How to test the spellers

Automatic testing

We now have a test bench for automatic testing of the spellers, using different data sets. The data sets/tests serve different purposes, and are the following:

regression-test: tests the speller against a set of known problematic misspellings and correct words, to check that newer versions don't break earlier fixes; the data set will often contain "constructed" words made to highlight certain morphological constructions
typos-test: tests the speller against a collection of real typographic errors and their corrections, as found in our corpus documents or elsewhere in real texts — the purpose of the test is to see how well the speller handles real errors, both when it comes to detecting them, and to give the correct suggesion; the data set should never contain constructed errors
baseform-test: extracts all baseforms (=nominative singular, infinitive) found in our lexicons, and send them through the speller; to ensure that the lexicon is well-formed and that the speller actually recognises all (baseforms of the) words it should
correct-test: runs complete documents manually marked up with error/correction tags through the speller; this test will check both lexical coverage, calculate precision, recall and coverage, as well as give an idea of the quality of the suggestions; for details on marking up documents to be used as input, see this page

Below we have briefly described how to run these automatic tests, how to read the test reports, and then some more details on each test.

Running automatic tests, storing results

To run each of the automatic tests above, just make the test name as given, and the TARGET as usual (in the gt/ directory), e.g.:

make regression-test TARGET=sme

There is one exception, and that is the correct-test, which also requires a DOC input parameter - the correct document used as input data:

make correct-test TARGET=sme DOC=somedoc.correct.doc.xml

There is a short-cut make target that will run all but the correct-test at once:

make spelltest TARGET=smj #will run regression, typos & baseform

In addition, it is possible to specify the tool used for the actual testing, that is, the speller engine, by giving make the parameter TESTTOOL, with one of the following values:

pl: polderland command-line speller
mw: Microsoft Word as the engine, iterating over each of the words in the input data, and asking Word about its spelling status; AppleScript is used to tell Word what to do, and to collect the response from Word

In the future, more spelling engines will be added, like hunspell (hu) and possibly aspell (as).

The mw test engine has some shortcomings due to Word's AppleScript implementation (or our inability to find our way through the Word AppleScript dictionary), but it also has the nice feature to be comletely independent of the real speller engine behind Word.
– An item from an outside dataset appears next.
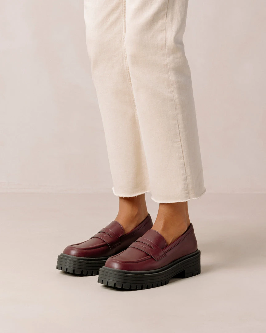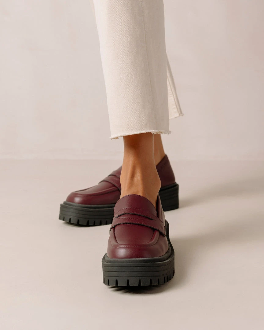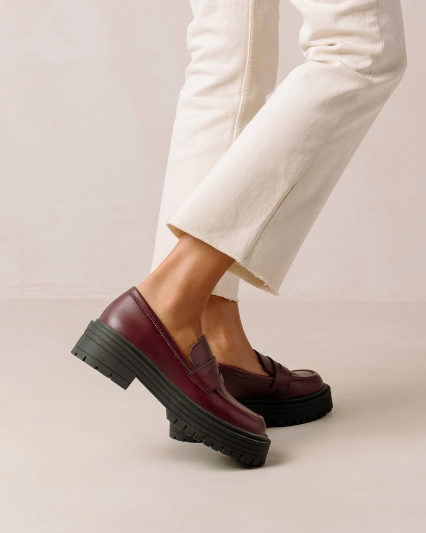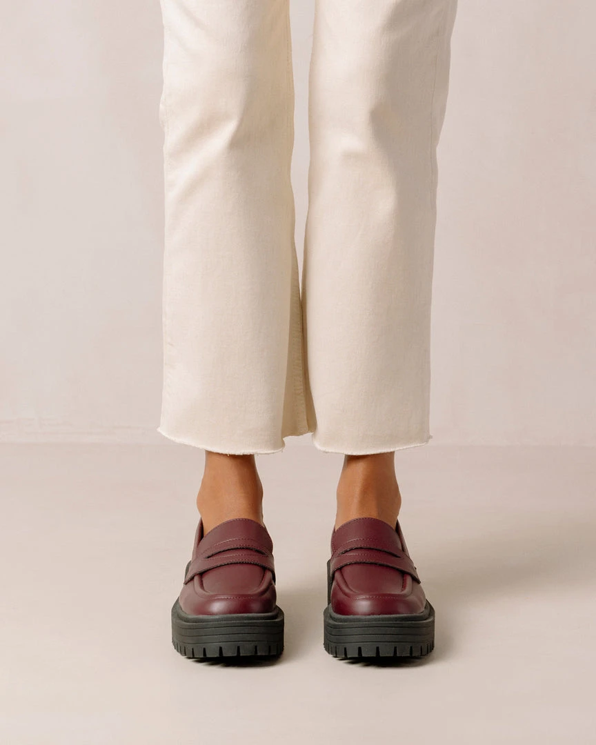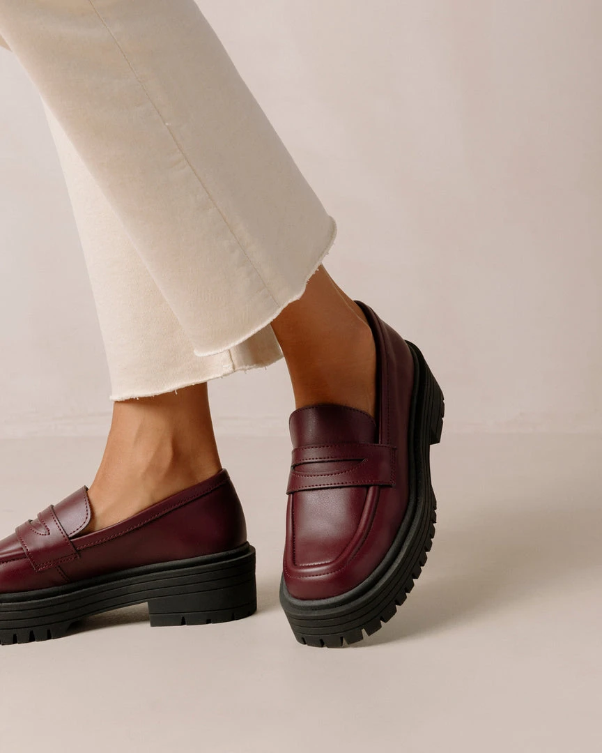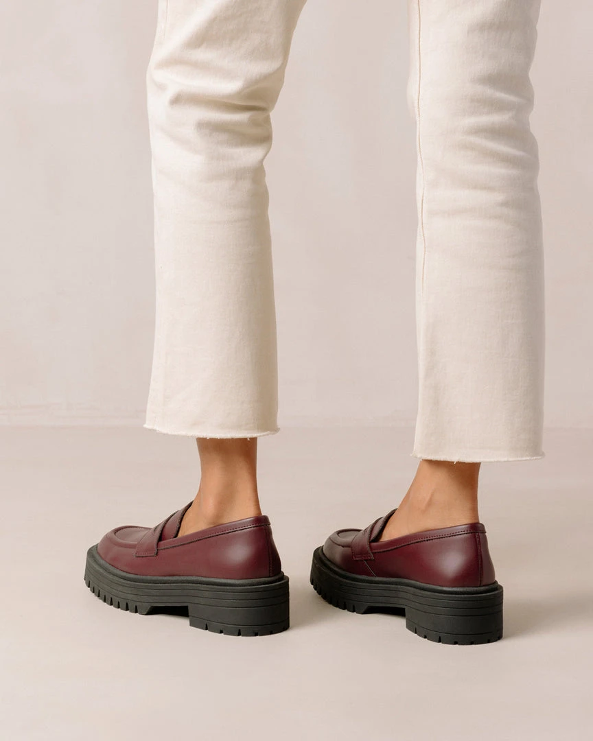 Sophisticated loafer with a thick track sole, a round toe and lots of personality. Perfect to wear in between seasons.

This means that it is possible to test other spellers than ours, and compare the test results across languages and speller engines (given reasonably similar input data).

It is also possible to add the date of the test run as a parameter to make, if one for example would like to update an earlier test run with corrected test data. This is done with the parameter DATE. A full make command for the future hunspell tool would then look something like:

make correct-test TARGET=sme DOC=somedoc.correct.doc.xml TESTTOOL=hu DATE=20071020

The output from each test is two xml files, both stored in gt/doc/proof/spelling/testing/. One is a bare-bones standardised xml representation of the speller output, the other is a Forrest-doc xml file presenting both the direct test results and some calculated statistics. To save the test results for the future and at the same time make them available for others, the xml files should be checked in in cvs.

Finally, to properly include the test results in the Forrest-driven site of ours, the forrest-doc files should also be added to the menu system by including a reference in the file gt/doc/site-proof-frag.xml.

regression-test

Input data

The regression-test input data is stored i the file $TARGET/polderland/regressions.txt. The format is quite simple, and has two forms:

error<TAB>correction<TAB>#comment
correct<TAB><TAB>!comment

Comments can either start with # or !. The first variant is a so-called negative test, where the speller should detect the error and give the correction as one of its suggestions. The other variant is consequently a positive test, where we check that the speller actually recognises correct word forms. Often missing correct suggestions or false negatives are caused by the correct form not being recognised. The positive tests will help in detecting such cases.

Reading the test report

The test report for the regression tests have seven main sections:

Overview
True positives
False positives
False negatives
True negatives
Grouped by bug #
Testpairs not in bugs

Each section is briefly described below.

Overview

This gives some basic statistics about the regression test. The most important figures here are the false negatives and false positives - they indicate how many testpairs are still failing.

True positives

Normally not very relevant reading - these are the correctly recognised misspellings.

False positives

This section lists correct input flagged as misspellings. Check this briefly to see if there are any patterns in the incorrectly flagged words. Often a few bugs are failing, so further investigation should be directed there.

False negatives

This is misspellings not detected by the speller. Again, check whether there is a pattern among the undetected misspellings.

True negatives

Normally not very relevant reading - these are the correctly recognised correct words.

Grouped by bug #

This is really the most relevant section. Here, all failings have a light red background, to make them stand out visually and be easy to spot. To get an overview of the situation for reported bugs, go directly to this section, and scroll through it looking for red rows.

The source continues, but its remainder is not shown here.